Mhlengi Gwala

Medal record

Men's paratriathlon

Representing South Africa

African Championships

= Mhlengi Gwala =

Mhlengi Gwala (born 12 April 1991) is an international elite triathlete from South Africa’s KwaZulu-Natal province. He was born in Durban, but considers his home town to be Chesterville.

==Career==
Gwala has competed at international events since 2015:
- 2015 Chicago International Triathlon Union (ITU) Aquthlon World Championship (finished 24)
- 2015 ITU World Triathlon Grand Final Chicago (finished 57)
- 2017 ITU World Triathlon Grand Final Rotterdam (finished 47)

==Attack and injury==
On 6 March 2018, Gwala was attacked on his pushbike by three men during a training ride before sunrise around Durban. The men pulled him from the bike and cut the calf of his right leg with a saw, damaging his muscles, nerves, and bone, then attacked his left leg.
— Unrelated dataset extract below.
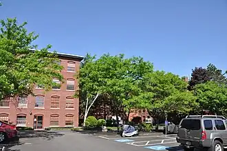 The Kimball Brothers Shoe Factory is a historic factory building at 335 Cypress Street in Manchester, New Hampshire. The four-story brick building was built in stages between 1885 and 1900, and was a prototypical structure from which the design of other period shoe factories in Manchester were built. Construction was overseen by Head & Dowst, a builder responsible for a number of area public buildings, including schools and prisons. It was funded by local businessmen seeking to diversify the local economy, and was leased to the Kimball Brothers, a leading shoe manufacturer in Lynn, Massachusetts.[2] The building was listed on the National Register of Historic Places in 1985.[1]

The attack continued even though he offered the attackers his wallet, mobile phone, and bike. The men departed and Gwala crawled to the road where he flagged down a car and was taken to a local hospital. Gwala said that the men spoke in a language he did not understand. Doctors were confident that his legs could be saved.

Within days, a crowdfunding effort had begun, with a goal of Rand 100,000 (about US$8,400) to “Get Mhlengi back on his bike”, by supporting his medical expenses‚ transportation‚ bike replacement and rehabilitation costs.